A useful test is simple. If your ad appears next to an AI answer, does it genuinely help the user decide, or does it feel like an interruption?
The Biggest Risk: Trust Erosion and Answer Pollution
If users feel assistants are paid to decide rather than paid to show options, trust collapses quickly. Transparency and labeling won’t just be compliance requirements. They will directly affect performance.
There is also second-order risk. If AI answers significantly reduce publisher traffic, regulatory and publisher pushback will increase. That pressure will shape ad formats and placement rules over time.
A Pragmatic 2026 Readiness Checklist
By early 2026, advertisers should aim to have their feeds and schema cleaned up across products, organization data, FAQs, and reviews. Paid search and Performance Max structures should be tight, with clear goals and clean signals. Brand facts should be standardized everywhere they appear, from the website to directories and press boilerplates.

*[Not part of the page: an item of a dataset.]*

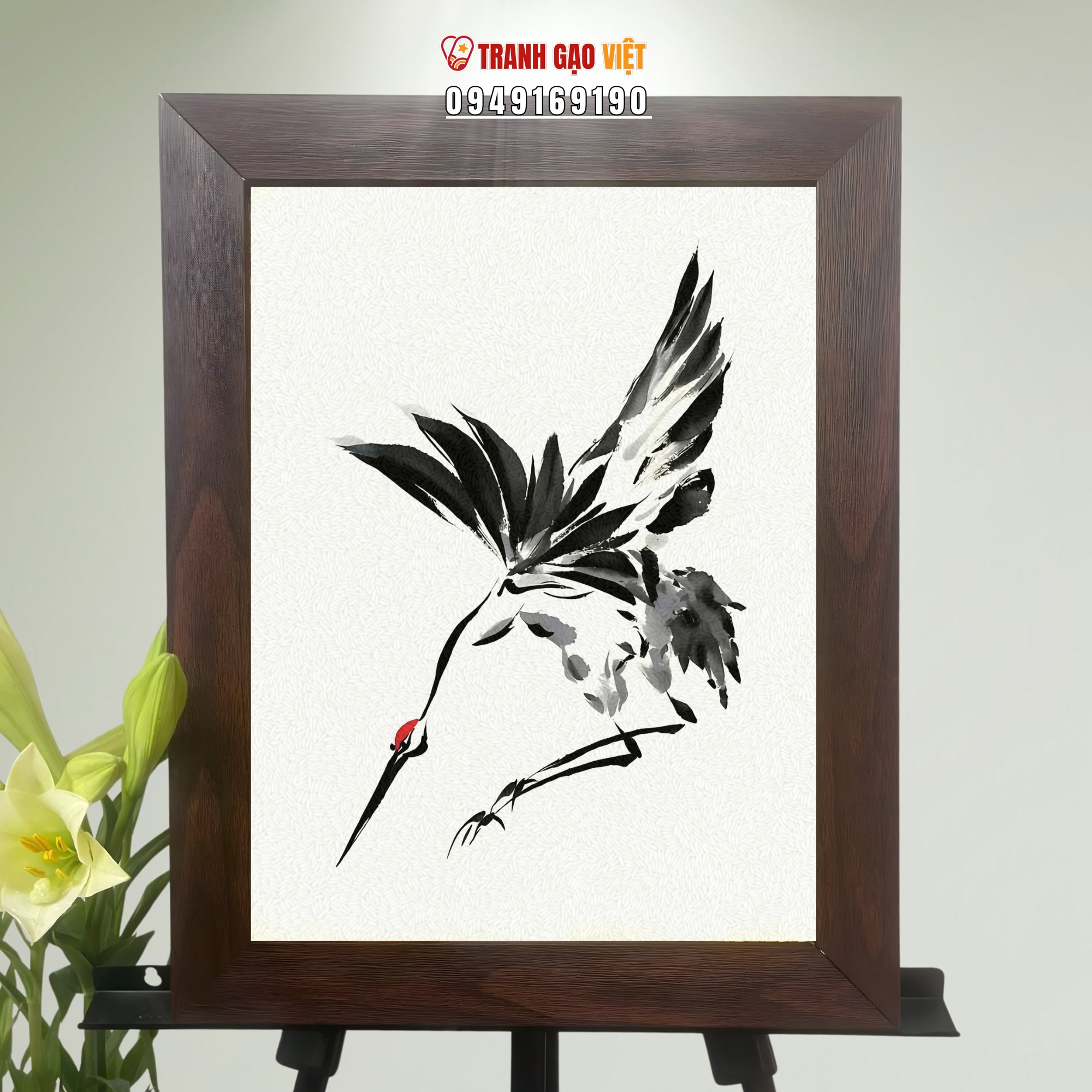 Tranh Gạo Chim Hạc Bắt Mồi - Tranh Nghệ Thuật - Tranh Tặng Quà - Tranh Thủ Công

Creative libraries should be built for answer-driven environments, including proof points, comparisons, guarantees, pricing anchors, and service differentiators. Incrementality testing plans should be in place, using geo tests, holdouts, or media mix modeling where possible. Ownership across paid media, SEO, product marketing, legal, and communications should be clearly defined.
The Bottom Line
The “Gemini ads in 2026” story may turn into a product announcement on schedule, or it may slip. Google’s denial may be accurate today and irrelevant tomorrow.
What’s already true is this. Google is monetizing generative Search through AI Overviews and actively testing ads in conversational Search via AI Mode.
If you wait for a formal Gemini ads launch to adapt, you’ll be late. The real move is happening now. Build eligibility, credibility, and creative that belongs inside answers, so performance doesn’t fall off a cliff as inventory shifts from links to responses.